:: Work item ::
Please output exactly the lines from the one that holds "Køkkenet er udstyret" through the final line of the data, and nothing else; leave out any pictures.

:: Records for the task ::
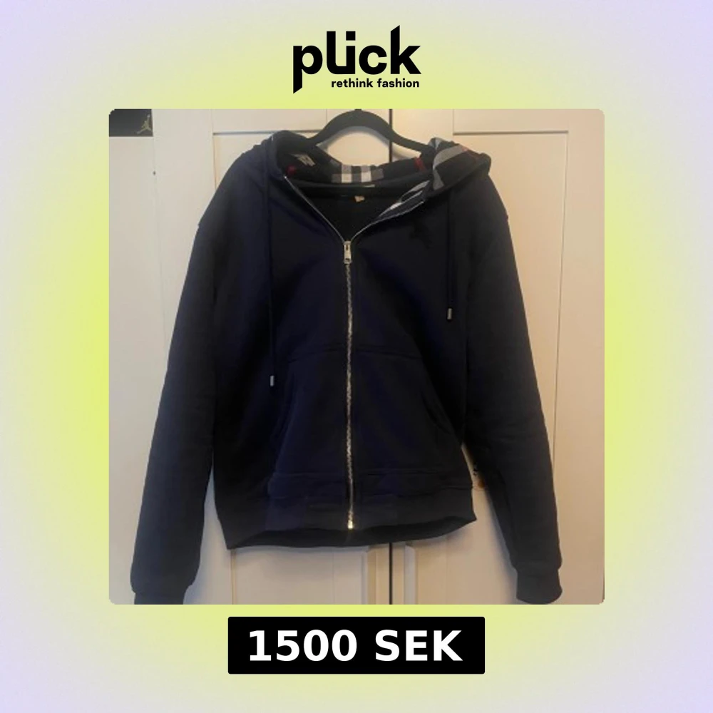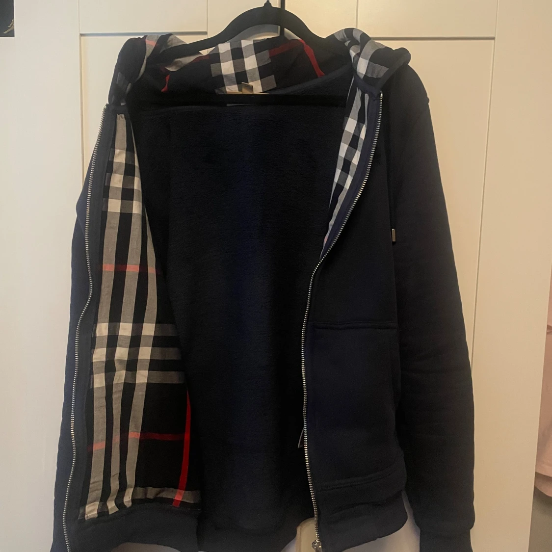 Säljer en marinblå hoodie från Burberry med hel dragkedja och klassisk rutig insida i huvan. Priset går att diskutera vid snabb affär.
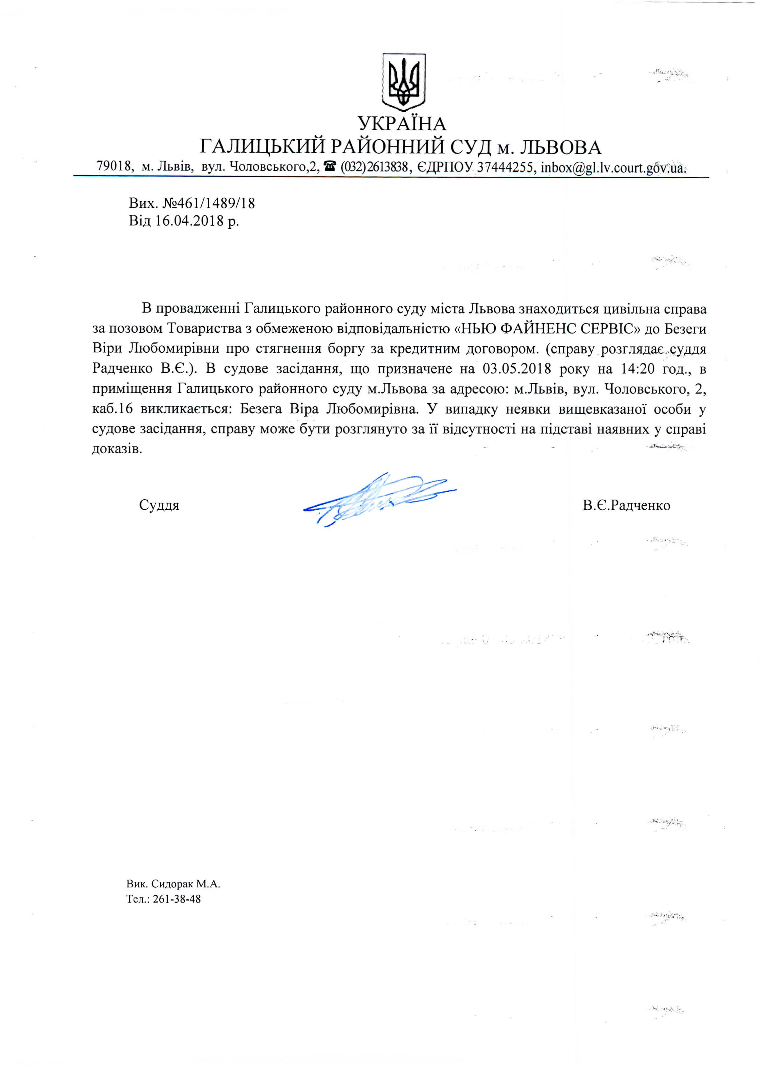 Оголошення про виклик до суду Безега Віра Любомирівна
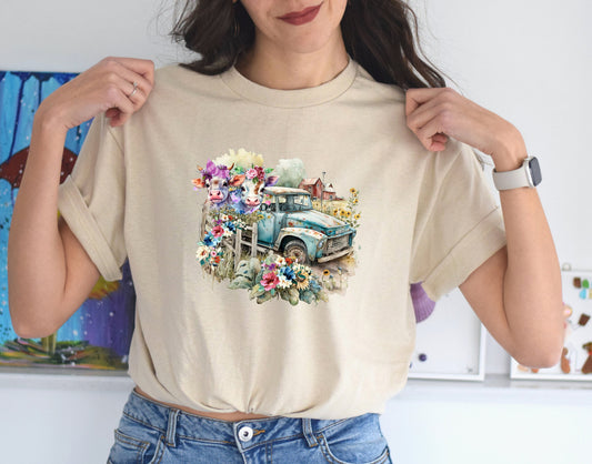 Cows and Old Farm Truck T Shirt, Tshirt, Graphic T's 100% Cotton Tee
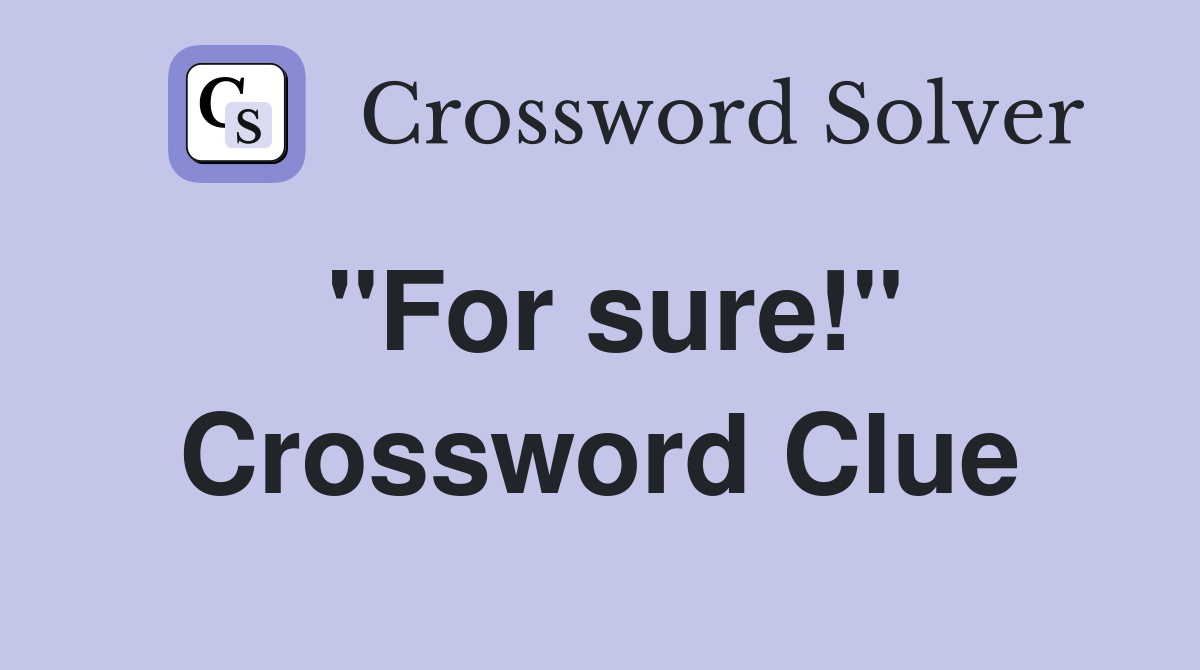 #39 #39 For sure #39 #39 Crossword Clue Answers Crossword Solver
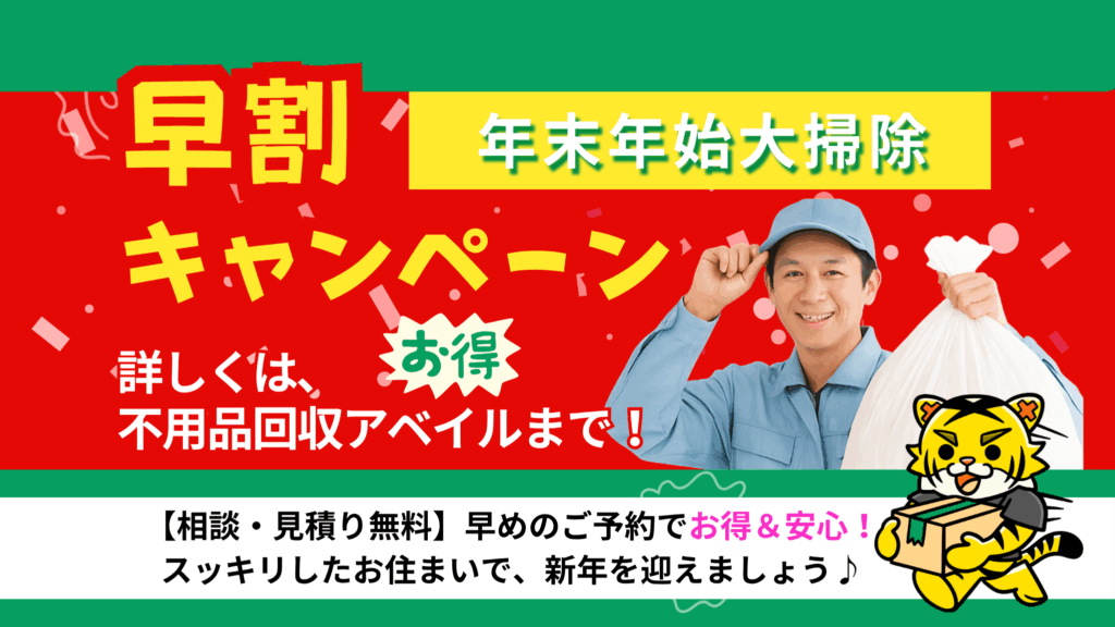 【今月のオススメ】早めのご予約でお得&安心!早割キャンペーン! 2025 10/27 お知らせ 2025年10月27日 今月のオススメ 年末年始のご予約でお得な割引が受けられる 現地調査・お見積りはもちろん無料 年内・年始もスピーディーに対応 家族みんなで安心して新年を迎えられるサポート こんな方におすすめ 年末の大掃除で片付けが間に合わない方 引っ越しや模様替えで大量の不用品が出る方 スッキリした気持ちで新年を迎えたい方 早めのご予約で安心&お得 年末年始は予約が集中しやすいため、早めにご相談いただくとスムーズに対応可能です。 さらに、早期予約でキャンペーン割引が適用されるため、費用もお得に。 「年末年始を快適に過ごしたい」方にはピッタリのサービスです。 お問い合わせ・ご予約はこちら 詳しくは、不用品回収アベイルまでご相談ください。 現地調査・お見積りは無料です! 年末年始大掃除のチャンスを逃さず、スッキリしたお住まいで新年を迎えましょう。 早めのご予約でお得&安心のキャンペーンをぜひご活用ください! お知らせ URLをコピーしました! 9/30まで 【おともだち紹介サマーキャンペーン】3千円QUOカードプレゼント! 関連記事 9/30まで 【おともだち紹介サマーキャンペーン】3千円QUOカードプレゼント! 2025年8月29日 “遺品整理の相談所”との業務提携のお知らせ 2025年8月20日 【今月のオススメ】敬老の日「実家の片付け」相談会 2025年8月20日 【今月のオススメ】お盆前後の「実家片付け」で親孝行しませんか? 2025年8月7日 【今月のおすすめ】夏休み断捨離応援! 2025年7月14日
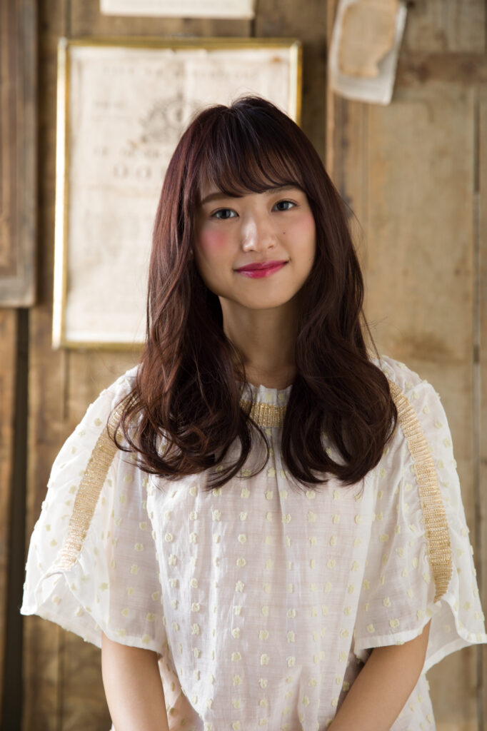 鎖骨下にかけて緩やかに落ちるカールが、立体感と華やかさを演出。根元から中間はストレートに近く、毛先にかけて自然な動きをつけることで、重さと軽さのバランスが絶妙に。前髪は透け感を意識したシースルーバングで、可憐な印象を引き立てています。
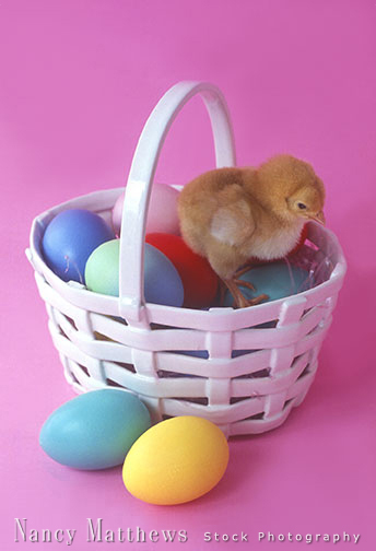 Description: chick in a basket with eggs
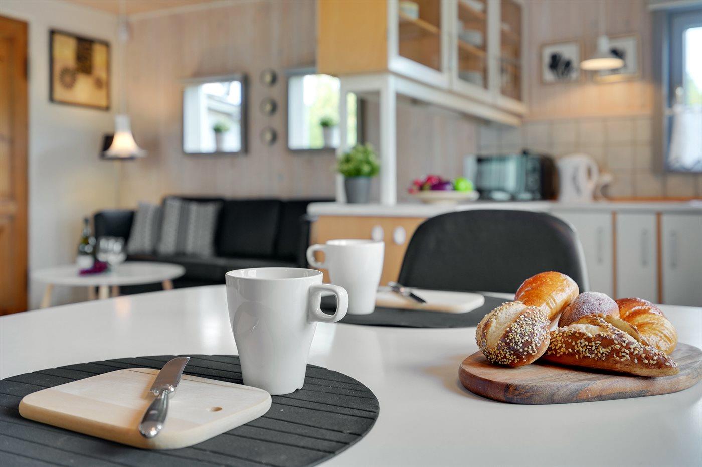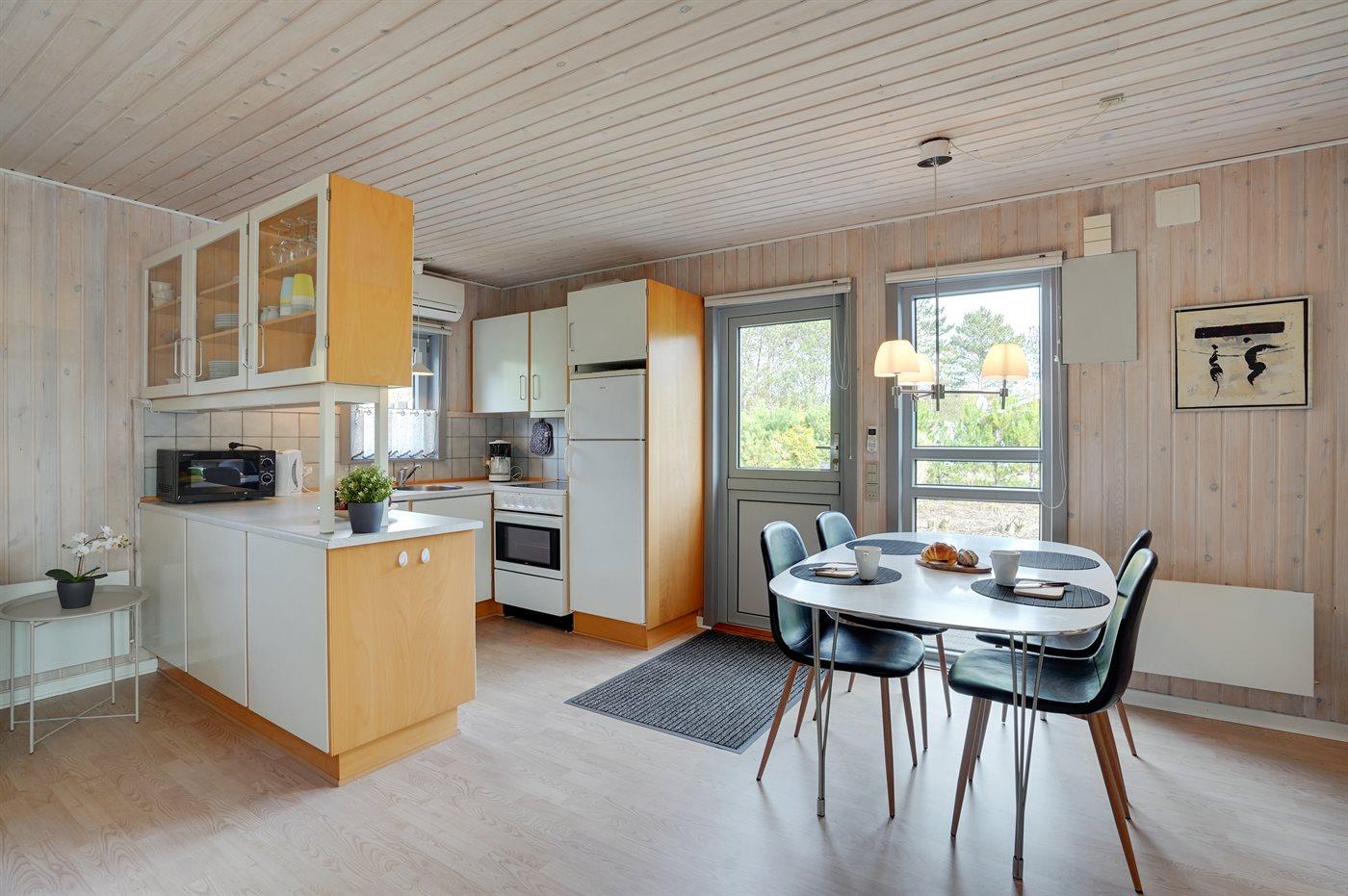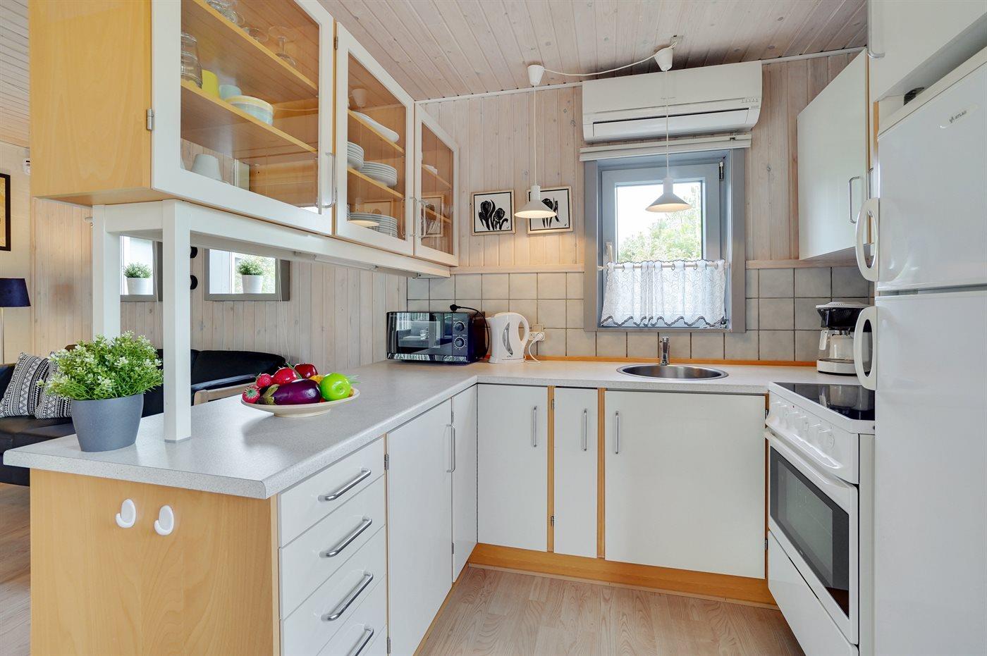 Køkkenet er udstyret med 1 køleskab. Der er 4 keramiske kogeplader, varmluftovn, mikrobølgeovn.
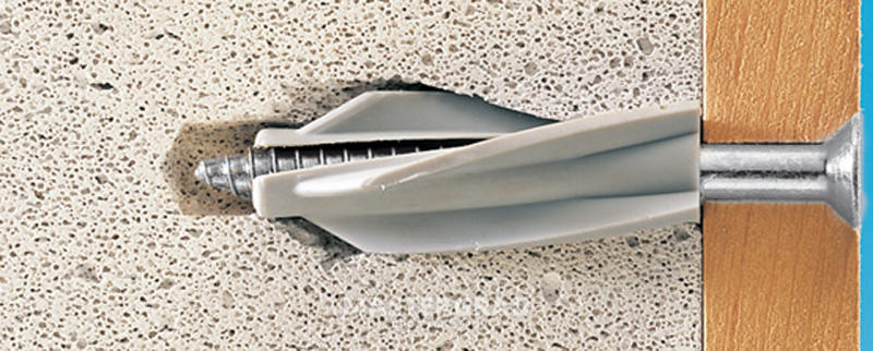 Сформировать разъемное соединение в рамках газобетонного блока поможет профильный дюбель. Изделие является полимерной распоркой с четырьмя смещенными лепестками. Они взаимодействуют с неровностями посадочного отверстия, препятствуя извлечению крепежа. Продукция не повреждает пористое основание, обладает высокой прочностью.
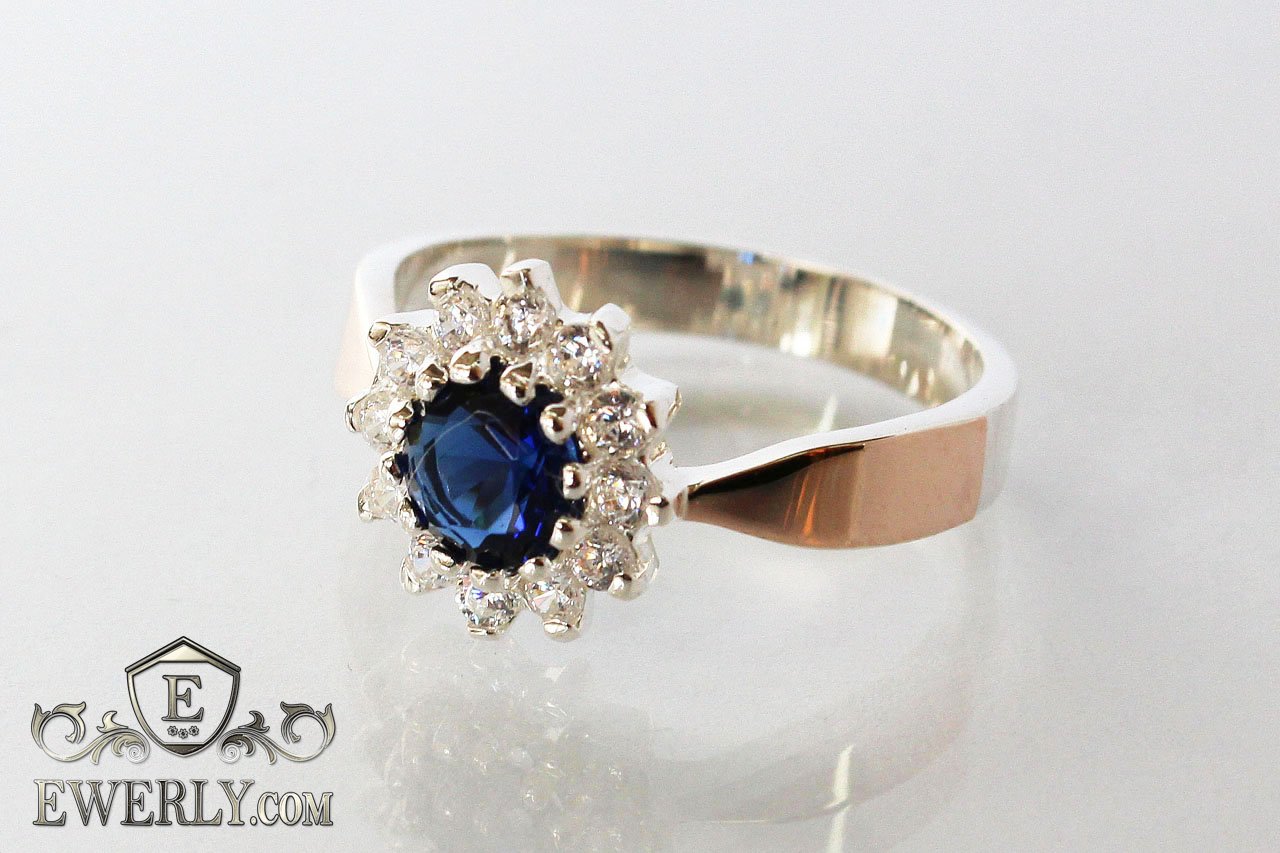 A ring that captivates at first sight: in the center of the composition is a large cubic zirconia of a deep blue hue in a multifaceted cut. It shines in the frame of a star pattern, the rays of which are laid out from sparkling white stones, creating the effect of a soft glow and depth.

:: Solution to this exercise ::
 Køkkenet er udstyret med 1 køleskab. Der er 4 keramiske kogeplader, varmluftovn, mikrobølgeovn.
 Сформировать разъемное соединение в рамках газобетонного блока поможет профильный дюбель. Изделие является полимерной распоркой с четырьмя смещенными лепестками. Они взаимодействуют с неровностями посадочного отверстия, препятствуя извлечению крепежа. Продукция не повреждает пористое основание, обладает высокой прочностью.
 A ring that captivates at first sight: in the center of the composition is a large cubic zirconia of a deep blue hue in a multifaceted cut. It shines in the frame of a star pattern, the rays of which are laid out from sparkling white stones, creating the effect of a soft glow and depth.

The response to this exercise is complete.